Posted in  | Tags ,  | 3 comments

New book event page

Posted by Scott Laird Tue, 25 Nov 2003 01:26:12 GMT

I have a new CGI book event page up. I’ve had it sitting around for a while, but I never actually told anyone. I just finally added the redirect, so my CGI book event page is now the default at http://scottstuff.net/books, instead of PHP iCalendar. The iCalendar version was easy to put up, but it’s painfully hard to read; the new one should be quite a bit better.

Also, I noticed that Jimmy Carter, Tom Douglas, and Terry Brooks are signing books next month.

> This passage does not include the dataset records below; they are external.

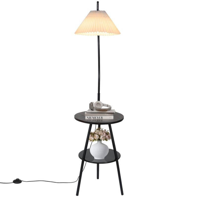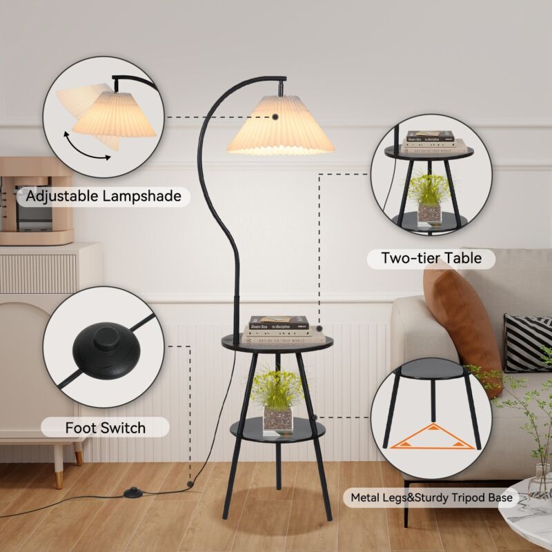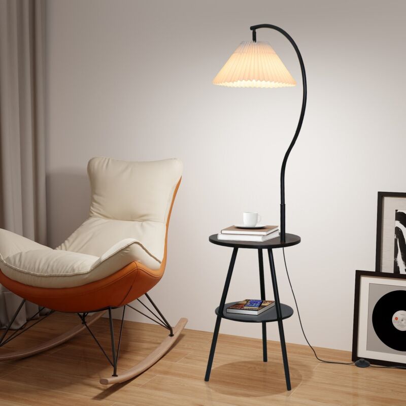 Floor Lamp with Table Shelves Pleat Lampshade Standing Lamp Bed Sofa Side Table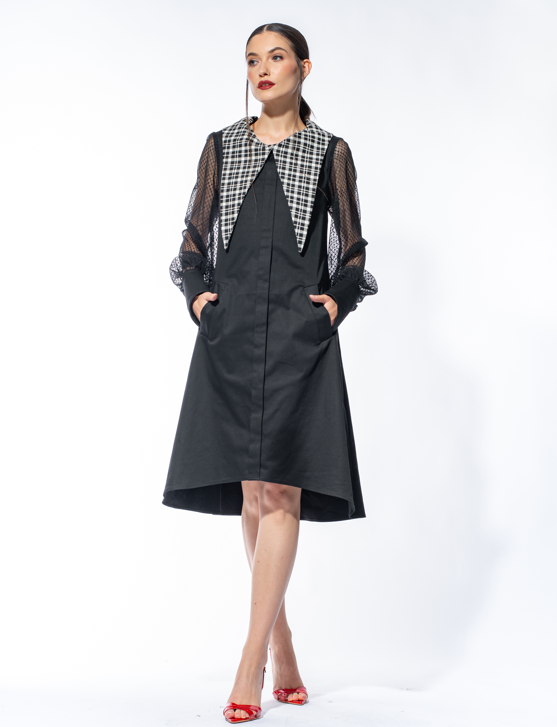 Rochie neagră din bumbac cu guler detașabil Chest este realizată din bumbac și are o linie de croi în formă de A, care oferă lejeritate și eleganță. Rochia are buzunare cu refileți poziționate pe mijlocul feței, o cută dublă ce alungește vizual silueta și tiv asimetric.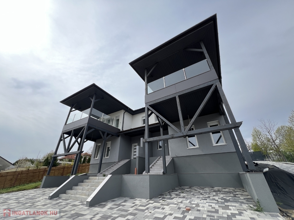 Kaposváron a Kecelhegyen, a Kőrösi Csoma Sándor utcában 2 db - egyenként nettó 116 m2-es lakórészből - osztrák technológiával épült, alacsony rezsijű könnyűszerkezetes - azonnal költözhető - új építésű ikerház eladó. A lakás a földszintjén nappali-étkező-konyha-lépcsőfeljáró, kamra, 1 szoba, fürdőszoba, külön wc, továbbá háztartási helyiség, előszoba-közlekedő kerültek kialakításra. A felső szinten közlekedő, 4 szoba, fürdőszoba-wc, továbbá egy nagy gardrób, valamint az utca felé néző szobából nyíló fedett, elegáns terasz található, amely alatt 1 db személygépkocsi tud parkolni. A lakás fenntartási költsége a felhasznált építőanyagok és műszaki megoldások miatt kedvező - a fűtés padló fűtéssel - hőszivattyúval megoldott, továbbá a nappaliban légkondicionáló is felszerelésre került. Telek: 535 m2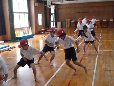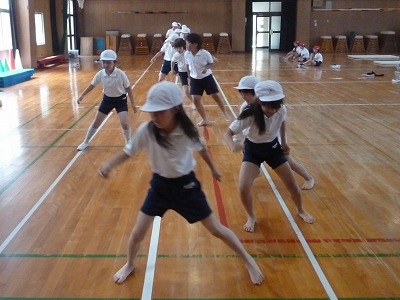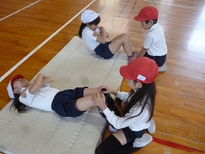 講堂でスポーツテストの「上体おこし」と「反復横跳び」「を実施していました。
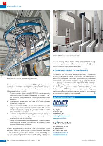 %u0421%u0411%u041e%u0420%u041d%u042b%u0419 %u0411%u0415%u0422%u041e%u041d124 CPI %u2013 Concrete Plant International | Eurasia Edition %u2013 6 | 2025 www.cpi-worldwide.com%u0431%u0435%u0442%u043e%u043d%u0430, %u043f%u043e%u0441%u0442%u0430%u0432%u043b%u0435%u043d%u043d%u0430%u044f %u043a%u043e%u043c%u043f%u0430%u043d%u0438%u0435%u0439 MCT Italy S.r.l., %u043c%u0438%u0440%u043e%u0432%u044b%u043c %u043b%u0438%u0434%u0435%u0440%u043e%u043c %u0432 %u043e%u0431%u043b%u0430%u0441%u0442%u0438 %u0438%u043d%u0434%u0438%u0432%u0438%u0434%u0443%u0430%u043b%u044c%u043d%u044b%u0445 %u0442%u0435%u0445%u043d%u043e%u043b%u043e%u0433%u0438%u0439 %u0434%u043e%u0437%u0438%u0440%u043e%u0432%u0430%u043d%u0438%u044f %u0438 %u0430%u0432%u0442%u043e%u043c%u0430%u0442%u0438%u0437%u0430%u0446%u0438%u0438 %u0434%u043b%u044f %u0431%u0435%u0442%u043e%u043d%u043d%u043e%u0439 %u043f%u0440%u043e%u043c%u044b%u0448%u043b%u0435%u043d%u043d%u043e%u0441%u0442%u0438. %u0421%u0438%u0441%u0442%u0435%u043c%u0430 %u0432%u043a%u043b%u044e%u0447%u0430%u0435%u0442 %u0432 %u0441%u0435%u0431%u044f:%u2022 2 %u043f%u043b%u0430%u043d%u0435%u0442%u0430%u0440%u043d%u044b%u0445 %u0441%u043c%u0435%u0441%u0438%u0442%u0435%u043b%u044f 2250/1500, %u043f%u0438%u0442%u0430%u0435%u043c%u044b%u0445 %u043c%u043e%u0431%u0438%u043b%u044c%u043d%u044b%u043c %u0434%u043e%u0437%u0430%u0442%u043e%u0440%u043e%u043c %u0437%u0430%u043f%u043e%u043b%u043d%u0438%u0442%u0435%u043b%u0435%u0439 %u043e%u0431%u044a%u0435%u043c%u043e%u043c 1,5 %u043c%u00b3 %u0434%u043b%u044f %u0442%u043e%u0447%u043d%u043e%u0433%u043e %u0434%u043e%u0437%u0438%u0440%u043e%u0432%u0430%u043d%u0438%u044f %u0438 %u043f%u0440%u0435%u0434%u0432%u0430%u0440%u0438%u0442%u0435%u043b%u044c%u043d%u043e%u0433%u043e %u0441%u043c%u0435%u0448%u0438%u0432%u0430%u043d%u0438%u044f.%u2022 3 %u0446%u0435%u043c%u0435%u043d%u0442%u043d%u044b%u0445 %u0431%u0443%u043d%u043a%u0435%u0440%u0430 %u043f%u043e 100 %u0442%u043e%u043d%u043d (80 %u043c%u00b3), %u043e%u0431%u0441%u043b%u0443%u0436%u0438%u0432%u0430%u044e%u0449%u0438%u0445 %u043e%u0431%u0430 %u0441%u043c%u0435%u0441%u0438%u0442%u0435%u043b%u044f.%u2022 2 %u043b%u0438%u043d%u0438%u0438 %u0441 %u043a%u044e%u0431%u0435%u043b%u044f%u043c%u0438 MCT, %u043e%u0445%u0432%u0430%u0442%u044b%u0432%u0430%u044e%u0449%u0438%u0435 %u043f%u043b%u043e%u0449%u0430%u0434%u044c 350 %u043c%u0435%u0442%u0440%u043e%u0432 %u0438 %u0434%u0432%u0438%u0433%u0430%u044e%u0449%u0438%u0435%u0441%u044f %u0441%u043e %u0441%u043a%u043e%u0440%u043e%u0441%u0442%u044c%u044e %u0434%u043e 240 %u043c/%u043c%u0438%u043d, %u043e%u0431%u0435%u0441%u043f%u0435%u0447%u0438%u0432%u0430%u044e%u0449%u0438%u0435 %u043d%u0435%u043f%u0440%u0435%u0440%u044b%u0432%u043d%u0443%u044e %u043f%u043e%u0434%u0430%u0447%u0443 %u0431%u0435%u0442%u043e%u043d%u0430 %u0432 %u043e%u0431%u0430 %u043f%u0440%u043e%u0438%u0437%u0432%u043e%u0434%u0441%u0442%u0432%u0435%u043d%u043d%u044b%u0445 %u0446%u0435%u0445%u0430.%u2022 %u0421%u0438%u0441%u0442%u0435%u043c%u0430 %u043a%u043e%u043d%u0442%u0440%u043e%u043b%u044f Compumat, %u0443%u043f%u0440%u0430%u0432%u043b%u044f%u044e%u0449%u0430%u044f %u0434%u043e%u0437%u0438%u0440%u043e%u0432%u0430%u043d%u0438%u0435%u043c, %u0441%u043c%u0435%u0448%u0438%u0432%u0430%u043d%u0438%u0435%u043c %u0438 %u0440%u0430%u0441%u043f%u0440%u0435%u0434%u0435%u043b%u0435%u043d%u0438%u0435%u043c %u0447%u0435%u0440%u0435%u0437 %u0438%u043d%u0442%u0443%u0438%u0442%u0438%u0432%u043d%u043e %u043f%u043e%u043d%u044f%u0442%u043d%u044b%u0439 %u0438%u043d%u0442%u0435%u0440%u0444%u0435%u0439%u0441.%u2022 %u0410%u0432%u0442%u043e%u043c%u0430%u0442%u0438%u0447%u0435%u0441%u043a%u0438%u0435 %u0441%u0438%u0441%u0442%u0435%u043c%u044b %u043f%u0440%u043e%u043c%u044b%u0432%u043a%u0438 %u0438 %u0440%u0435%u0446%u0438%u0440%u043a%u0443%u043b%u044f%u0446%u0438%u0438, %u043f%u043e%u0437%u0432%u043e%u043b%u044f%u044e%u0449%u0438%u0435 %u043f%u043e%u043b%u043d%u043e%u0441%u0442%u044c%u044e %u043f%u043e%u0432%u0442%u043e%u0440%u043d%u043e %u0438%u0441%u043f%u043e%u043b%u044c%u0437%u043e%u0432%u0430%u0442%u044c %u0442%u0435%u0445%u043d%u0438%u0447%u0435%u0441%u043a%u0443%u044e %u0432%u043e%u0434%u0443 %u0438 %u043c%u0430%u0442%u0435%u0440%u0438%u0430%u043b%u044b.%u00ab%u0417%u0430%u0432%u043e%u0434 %u0432 %u0421%u0443%u0445%u0435%u0434%u043d%u044e%u0432%u0435 %u0441%u043e%u0447%u0435%u0442%u0430%u0435%u0442 %u0432 %u0441%u0435%u0431%u0435 %u0438%u0442%u0430%u043b%u044c%u044f%u043d%u0441%u043a%u0443%u044e %u0438%u043d%u0436%u0435%u043d%u0435%u0440%u043d%u0443%u044e %u0442%u043e%u0447%u043d%u043e%u0441%u0442%u044c %u0438 %u043f%u043e%u043b%u044c%u0441%u043a%u0438%u0435 %u043f%u0440%u043e%u043c%u044b%u0448%u043b%u0435%u043d%u043d%u044b%u0435 %u0430%u043c%u0431%u0438%u0446%u0438%u0438, %u2014 %u043e%u0431%u044a%u044f%u0441%u043d%u044f%u0435%u0442 %u0413%u0430%u0431%u0440%u0438%u044d%u043b%u0435 %u0424%u0430%u043b%u044c%u043a%u0435%u0442%u0442%u0438 (Gabriele Falchetti), %u0432%u0438%u0446%u0435-%u043f%u0440%u0435%u0437%u0438%u0434%u0435%u043d%u0442 %u043f%u043e %u0440%u0430%u0437%u0432%u0438%u0442%u0438%u044e %u0431%u0438%u0437%u043d%u0435%u0441%u0430 MCT Italy. %u2212 %u0420%u0430%u0437%u0440%u0430%u0431%u043e%u0442%u0430%u043d%u043d%u044b%u0439 %u0432 %u0441%u0440%u0435%u0434%u0435 BIM/CAD, %u043e%u043d %u0438%u0441%u043f%u043e%u043b%u044c%u0437%u0443%u0435%u0442 %u043f%u0435%u0440%u0435%u0434%u043e%u0432%u044b%u0435 %u0446%u0438%u0444%u0440%u043e%u0432%u044b%u0435 %u0438%u043d%u0441%u0442%u0440%u0443%u043c%u0435%u043d%u0442%u044b %u0434%u043b%u044f %u043e%u0431%u0435%u0441%u043f%u0435%u0447%u0435%u043d%u0438%u044f %u0432%u044b%u0441%u043e%u043a%u043e%u0439 %u044d%u0444%u0444%u0435%u043a%u0442%u0438%u0432%u043d%u043e%u0441%u0442%u0438 %u0438 %u0441%u0442%u0440%u043e%u0433%u043e%u0433%u043e %u043a%u043e%u043d%u0442%u0440%u043e%u043b%u044f %u043a%u0430%u0447%u0435%u0441%u0442%u0432%u0430%u00bb.%u0423%u0441%u0442%u043e%u0439%u0447%u0438%u0432%u043e%u0435 %u0441%u0442%u0440%u043e%u0438%u0442%u0435%u043b%u044c%u0441%u0442%u0432%u0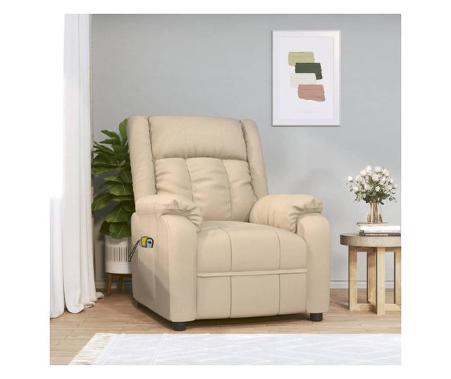 Електрически масажен фотьойл с функция за накланяне, кремав, текстил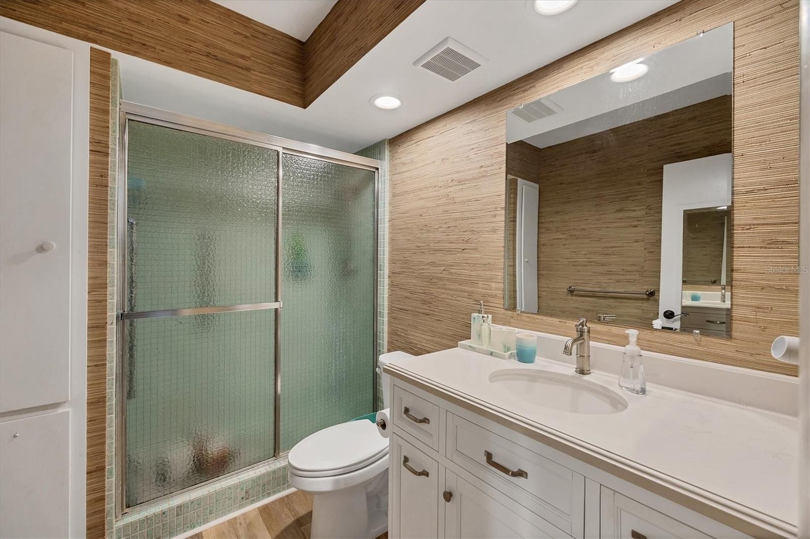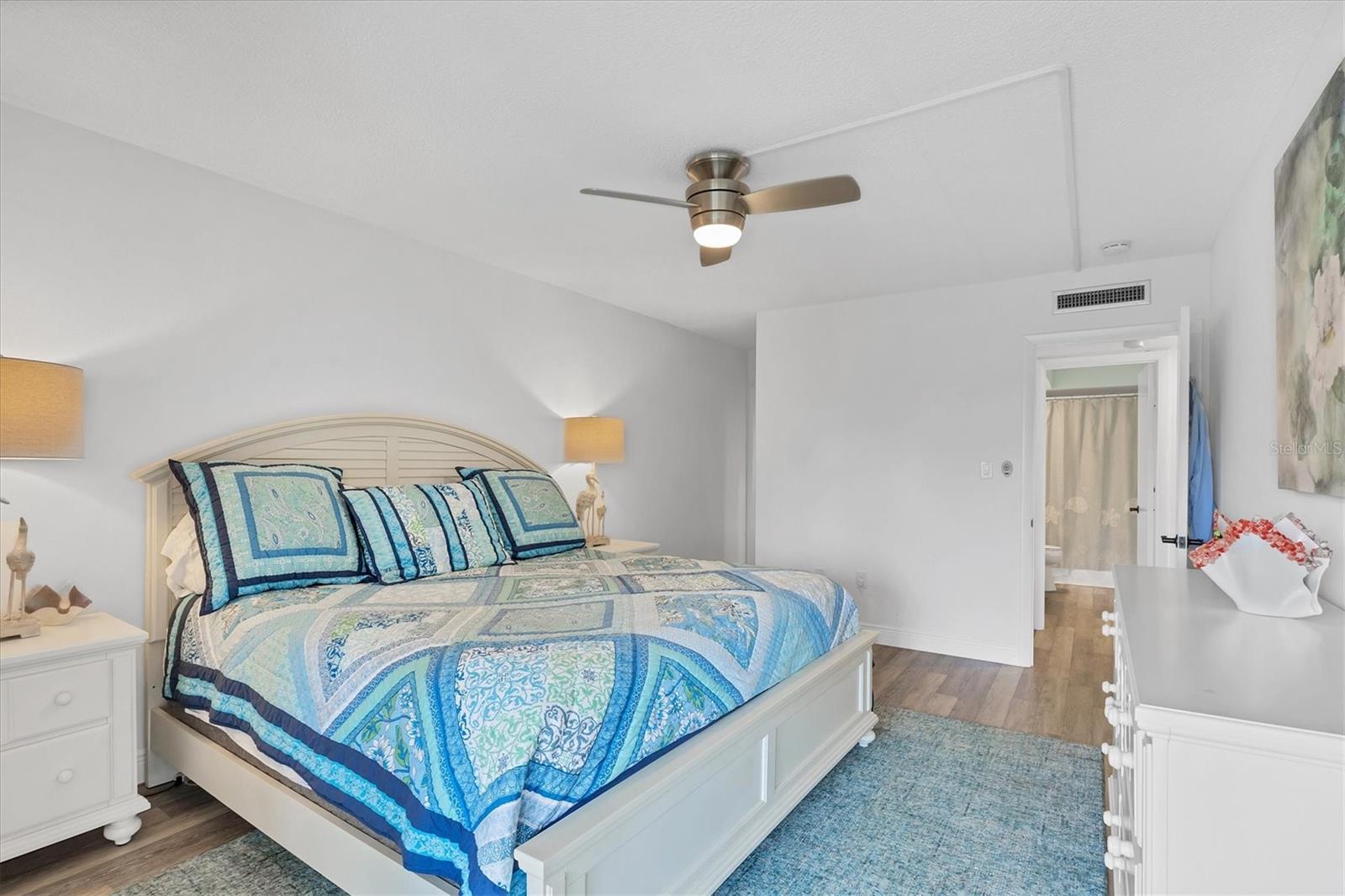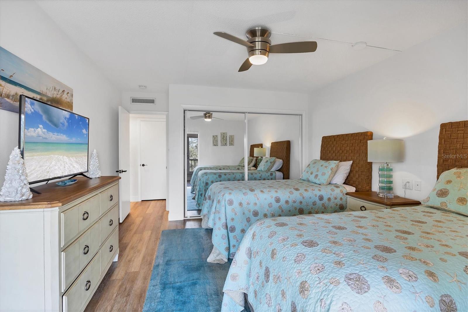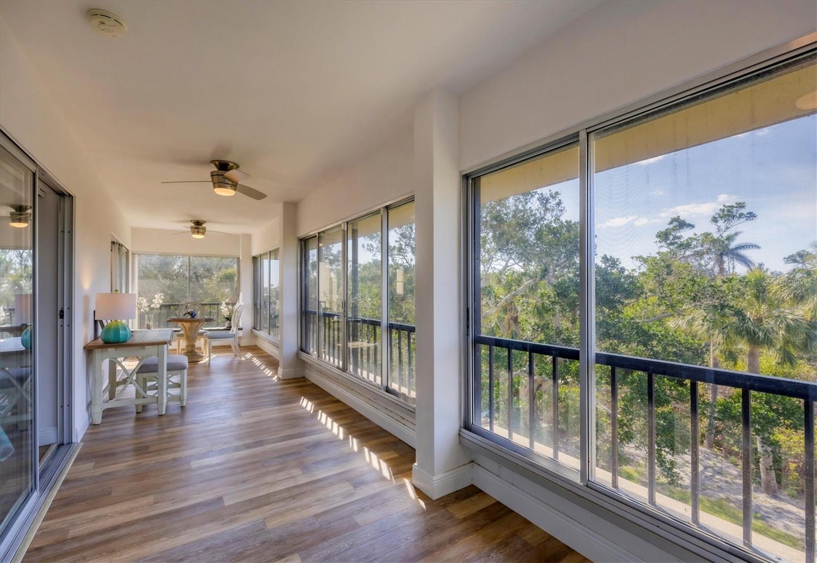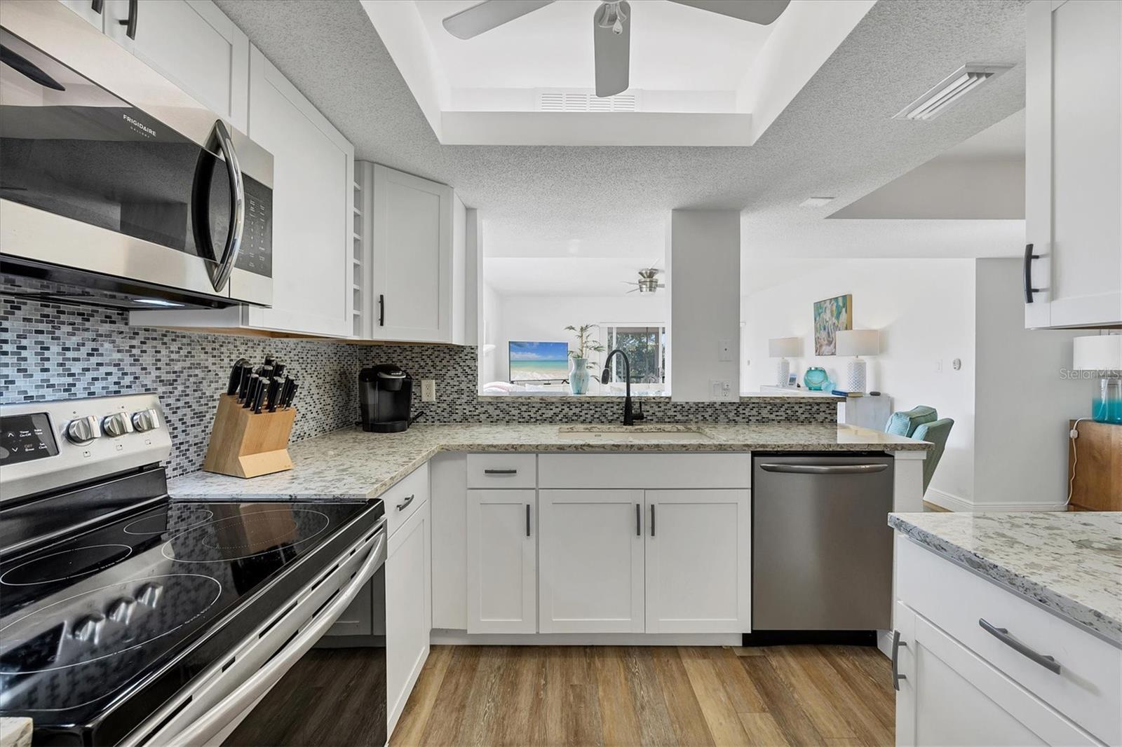Rarely available top floor end unit in highly desirable Whispering Sands mid rise building. The 1271 Sq ft 2 bedroom 2 bathroom condominium was totally renovated in 2018. The kitchen was re-deigned to be more open and accessible to the dining area and the living room, all kitchen appliances, cabinets and countertops replaced. New wood flooring throughout including in the lanai. All new bathroom cabinetry, toilets and faucets. A double-length, 35 foot screened and glassed-in lanai affords beautiful views of the lagoon. Whispering Sands is an incredibly positioned over - 55 Gulf-front community just steps to Siesta Key Village shops and restaurants. Residents enjoy access to two heated pools, clubhouse, social activities PLUS 800 feet of private beach access. Incredible value in Siesta's premier location, come see for yourself.

If you’re still using the PHP iCalendar-generated RSS feed, you should really flip to the new one. It has better detail, and it’s not such a huge hit on my poor server. I’m probably going to kill off the PHP one eventually.

Posted in  | no comments

More book event progress: proper RSS

Posted by Scott Laird Tue, 18 Nov 2003 03:12:45 GMT

I just took a couple minutes and fixed most of the known author reading/signing database problems. I’m now building native RSS feeds for each store as well as a city-wide feed. Each feed comes in two sizes: full sized and 15-item-long. Each item is linked to my event CGI that lists the author name, event, time, ISBN, and provides a downloadable iCalendar link that will add itself to your calendar of choice (only tested with iCal for now, but it should work with Outlook).

Basically, it all works.

Here are the RSS 1.0 feeds:

Next up:

  • Add an events CGI and use it to replace/supplement the PHP iCalendar page
  • Work on recommendation-driven event feeds
  • Add more stores (Barnes and Noble?

Posted in  | 1 comment

More advances on the book-signing front.

Posted by Scott Laird Sat, 08 Nov 2003 18:29:08 GMT

I made a bit more progress on the book-signing front. My RSS generator produces valid RSS/1.0 now. I still need to add a bunch of things to it (it’s just stock RSS 1.0, no DC, no mod_event, nothing), but it works. There’s a sample online now, but don’t depend on it quite yet; I’m going to break it at least once before it’s complete. It’s kind of big; it currently includes 75 events, not sorted into any particular order.

I also added a database-driven CGI for each event; the RSS links to it. I did a bit of extra cleanup, too, so I now have better URLs for Third Place Books events.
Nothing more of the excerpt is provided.